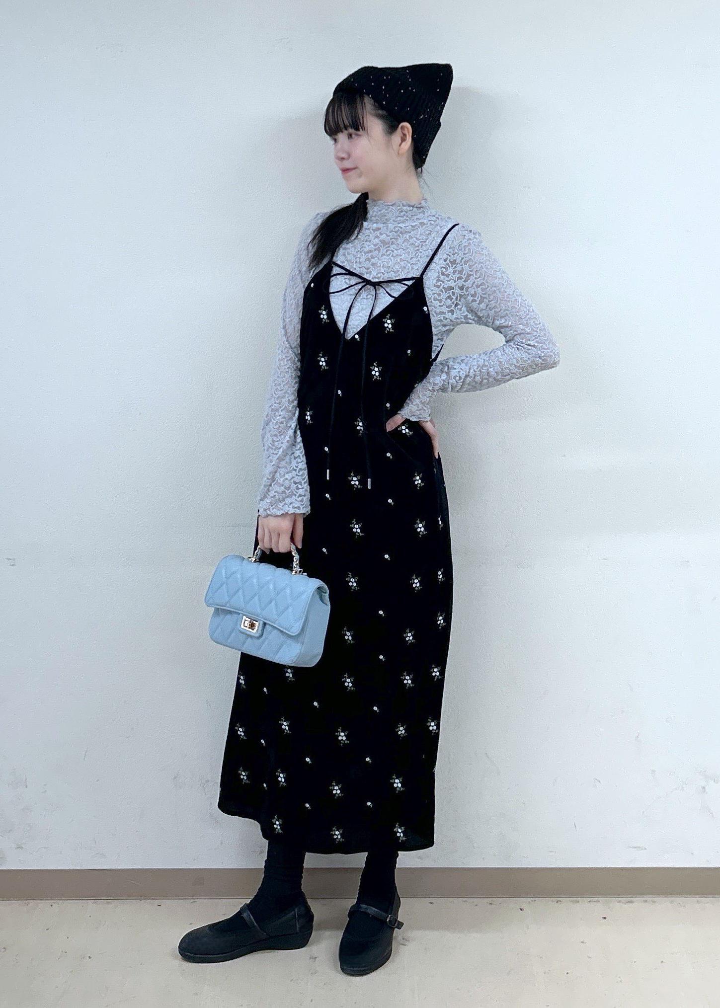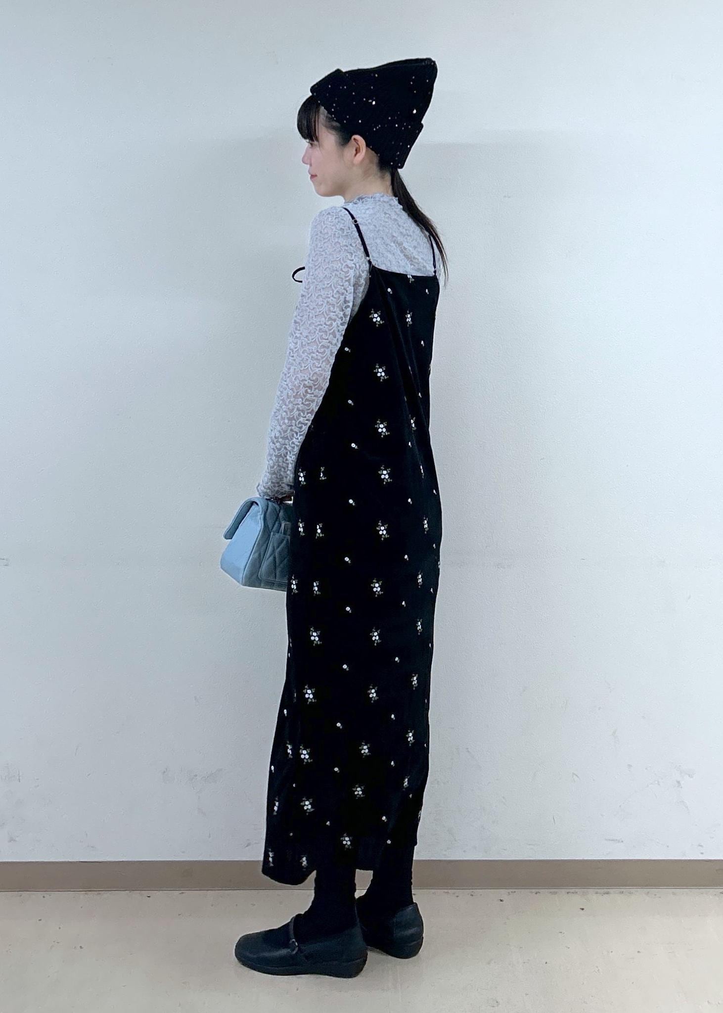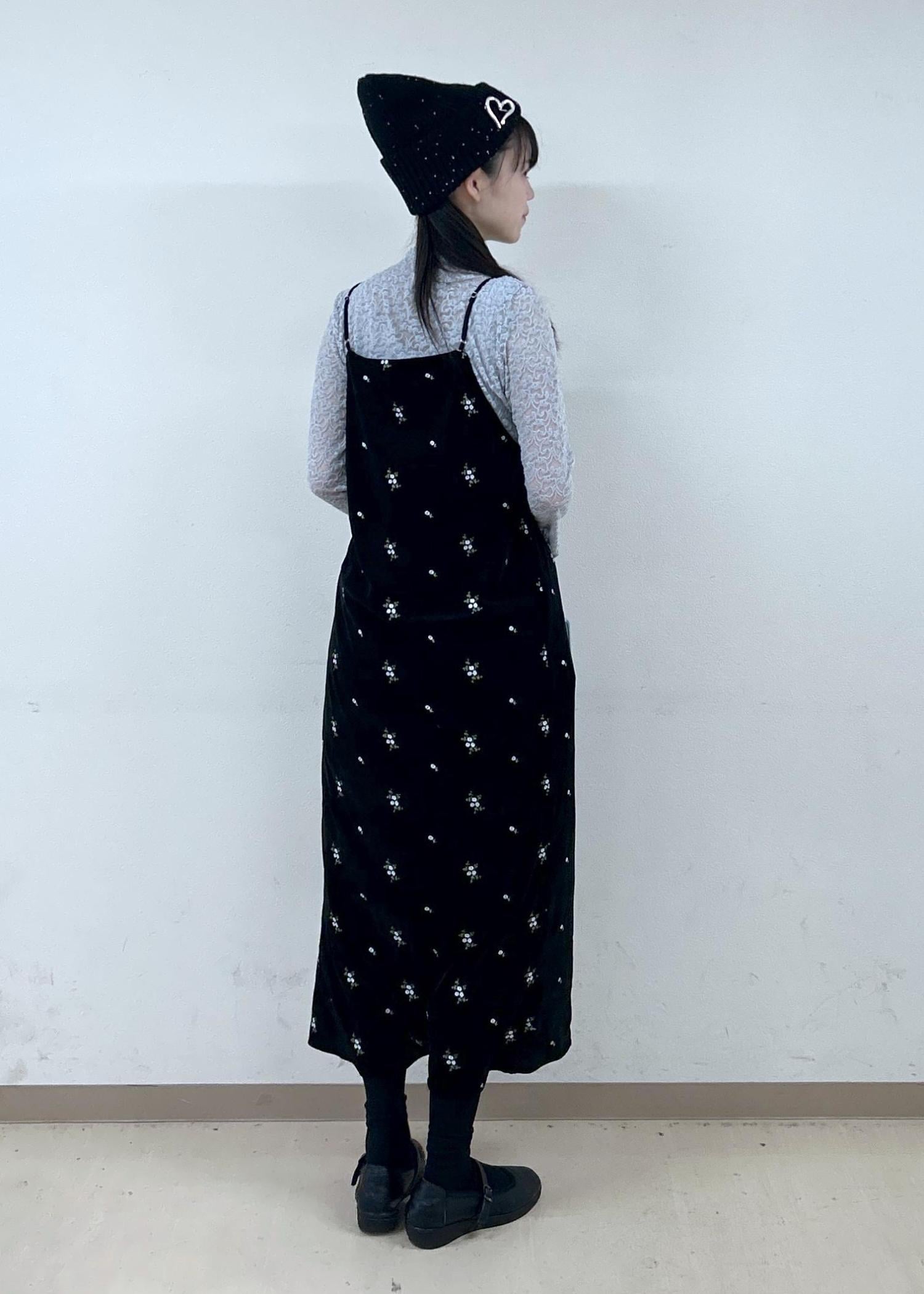 VIS刺繍アソートベロアキャミワンピース/2WAYブラック系 / F¥8,899レビューストンとしたシルエットで細見えが叶います!
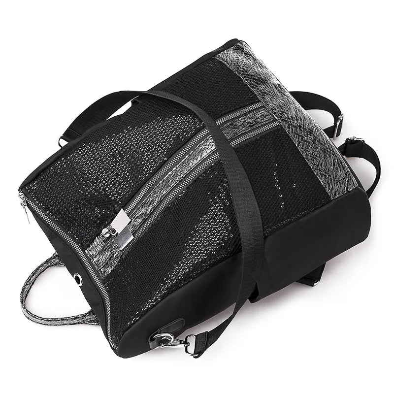 Shining Sequin Backpack Girls Multifunction Travel Bag Bling Mesh Rucksack
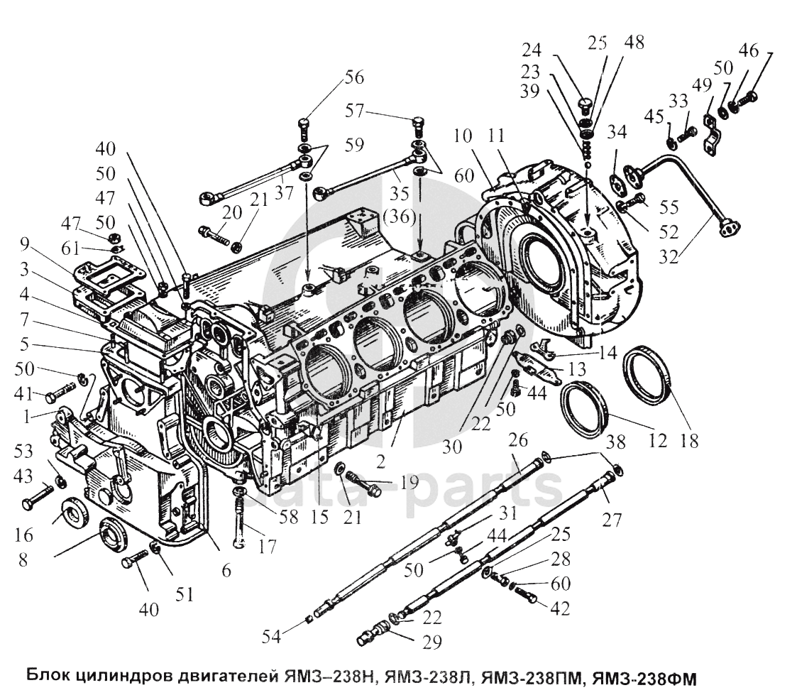 Блок цилиндров двигателей ЯМЗ-238Н, ЯМЗ-238Л, ЯМЗ-238ПМ, ЯМЗ-238ФМ ЯМЗ-238 ПМ и 238 ФМ
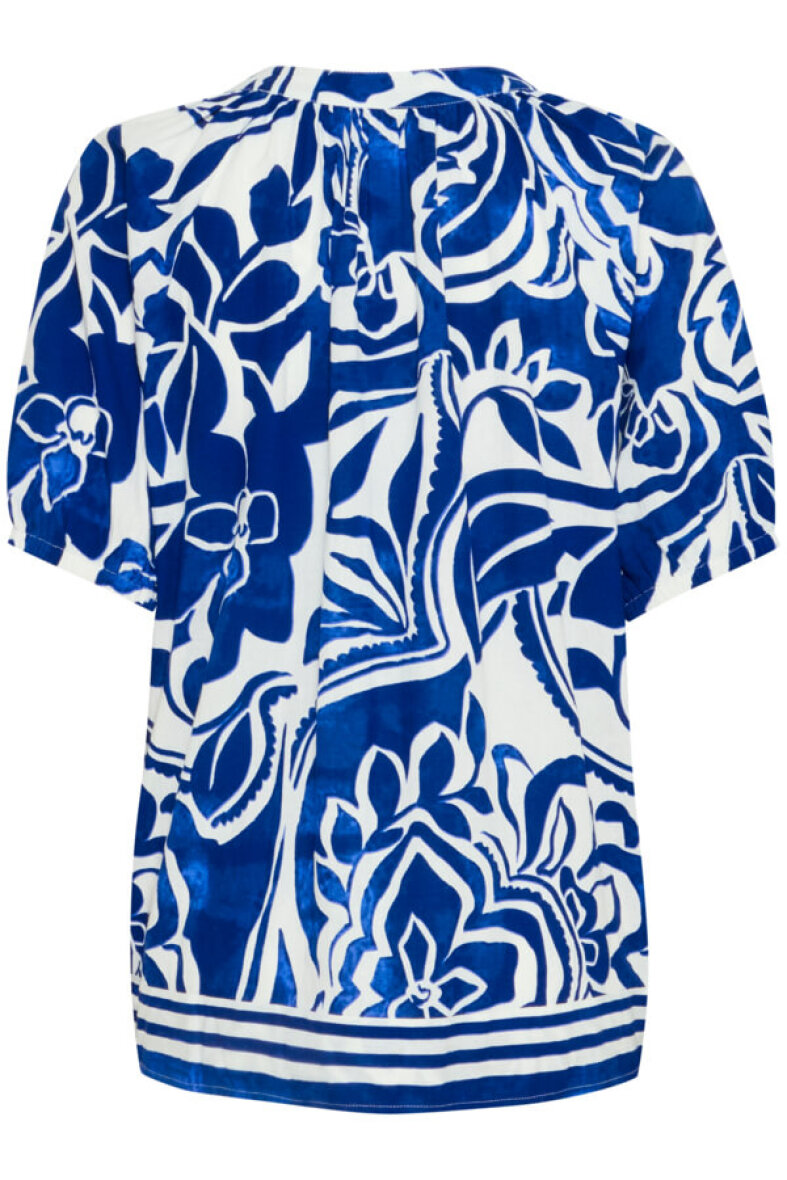 Blusen er med korte ærmer som afsluttes med elastik kant, hvilket er med til at give en feminin ballon effekt. Blusen er med v-halsudskæring med små læg i stoffet på fronten og bagpå, hvilket giver en flot effekt.
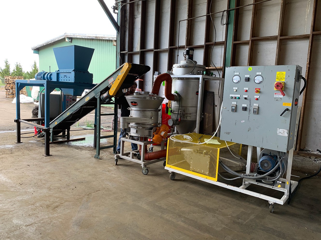 - Particle Size Reduction: a model AHS-3631 Shredder is utilized, with a capacity of 3,500 PPH with a particle size of 1” minus. A consistent particle size promotes even and thorough drying in the next processing stage.
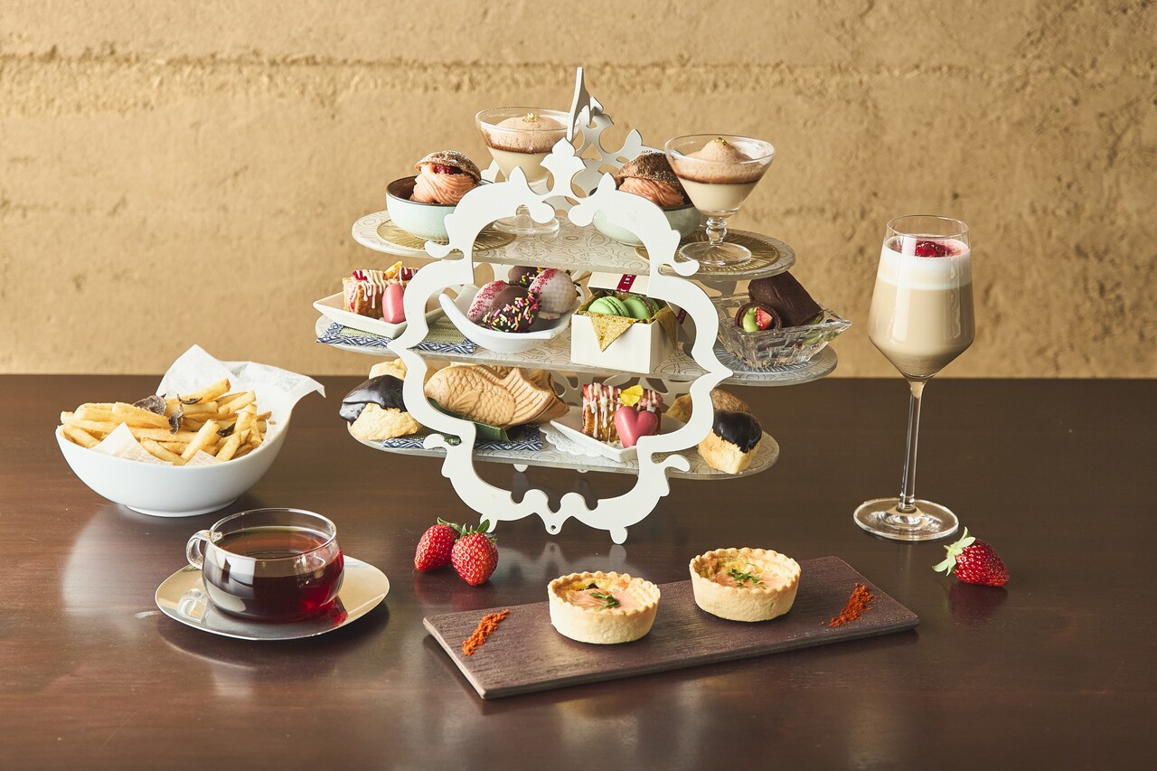 苺とチョコレート、抹茶が織りなす季節限定アフタヌーンティー。華やかな苺スイーツに、スモークサーモンのキッシュやトリュフ香るポテトなどのセイボリーを添え、甘さと塩味のバランスを楽しめる優雅なティータイムをご提供します。
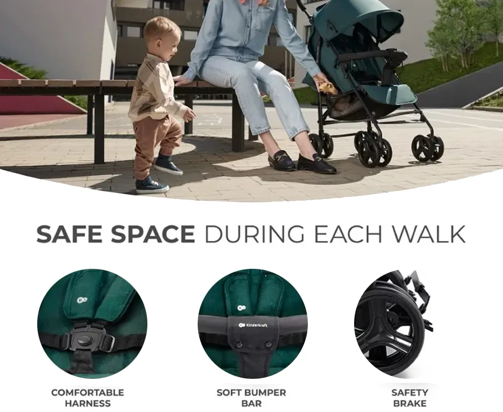 Umbrela TIK are curele reglabile in 5 puncte si o bara de siguranta completa si moale care creeaza un spatiu sigur in jurul sezutului. Puteti ajusta cu usurinta centurile la copilul in crestere, iar datorita protectiilor puteti fi sigur ca nu vor fi suparatoare pentru copil. In plus, TIK are doua frane pe rotile din spate - puteti folosi numai una din ele pentru a bloca in siguranta caruciorul.
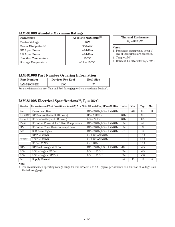 The IAM-81008 is a complete low power consumption, double balanced active mixer housed in a miniature low cost plastic surface mount package.
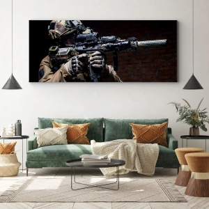 Lærredstrykket "Soldat i fuldt udstyr med en riffel" er et udtryk for styrke, præcision og professionalisme. Det forestiller en soldat i fuld uniform og taktisk udstyr, der holder en riffel klar til handling. Detaljer som natkikkerter, beskyttelsesudstyr og tilbehør på uniformen understreger det høje niveau af avancement og militær forberedelse.
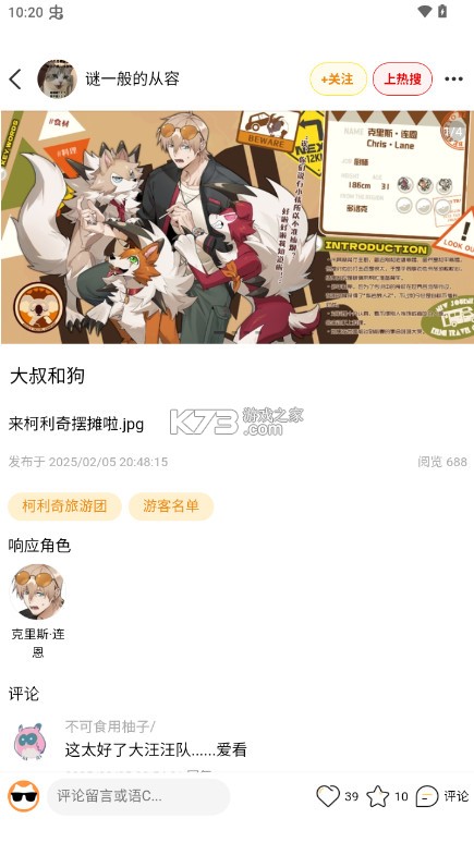专为二次元创作者打造的创作交流平台,用户可以在平台上发布自己的原创作品,包括画作、小说、漫画等,与其他创作者共同欣赏和交流。每个OC都有专属的角色主页,用户可以通过特色“角色响应”功能与其他创作者进行OC互动,共同创作OC故事。此外,还有OC评论、角色动态等功能,让用户能够沉浸式地体验OC互动的乐趣。

Exercise brief: What is needed here is an exact copy of all the entries, without the pictures.

Exercise answer:
 VIS刺繍アソートベロアキャミワンピース/2WAYブラック系 / F¥8,899レビューストンとしたシルエットで細見えが叶います!
 Shining Sequin Backpack Girls Multifunction Travel Bag Bling Mesh Rucksack
 Блок цилиндров двигателей ЯМЗ-238Н, ЯМЗ-238Л, ЯМЗ-238ПМ, ЯМЗ-238ФМ ЯМЗ-238 ПМ и 238 ФМ
 Blusen er med korte ærmer som afsluttes med elastik kant, hvilket er med til at give en feminin ballon effekt. Blusen er med v-halsudskæring med små læg i stoffet på fronten og bagpå, hvilket giver en flot effekt.
 - Particle Size Reduction: a model AHS-3631 Shredder is utilized, with a capacity of 3,500 PPH with a particle size of 1” minus. A consistent particle size promotes even and thorough drying in the next processing stage.
 苺とチョコレート、抹茶が織りなす季節限定アフタヌーンティー。華やかな苺スイーツに、スモークサーモンのキッシュやトリュフ香るポテトなどのセイボリーを添え、甘さと塩味のバランスを楽しめる優雅なティータイムをご提供します。
 Umbrela TIK are curele reglabile in 5 puncte si o bara de siguranta completa si moale care creeaza un spatiu sigur in jurul sezutului. Puteti ajusta cu usurinta centurile la copilul in crestere, iar datorita protectiilor puteti fi sigur ca nu vor fi suparatoare pentru copil. In plus, TIK are doua frane pe rotile din spate - puteti folosi numai una din ele pentru a bloca in siguranta caruciorul.
 The IAM-81008 is a complete low power consumption, double balanced active mixer housed in a miniature low cost plastic surface mount package.
 Lærredstrykket "Soldat i fuldt udstyr med en riffel" er et udtryk for styrke, præcision og professionalisme. Det forestiller en soldat i fuld uniform og taktisk udstyr, der holder en riffel klar til handling. Detaljer som natkikkerter, beskyttelsesudstyr og tilbehør på uniformen understreger det høje niveau af avancement og militær forberedelse.
专为二次元创作者打造的创作交流平台,用户可以在平台上发布自己的原创作品,包括画作、小说、漫画等,与其他创作者共同欣赏和交流。每个OC都有专属的角色主页,用户可以通过特色“角色响应”功能与其他创作者进行OC互动,共同创作OC故事。此外,还有OC评论、角色动态等功能,让用户能够沉浸式地体验OC互动的乐趣。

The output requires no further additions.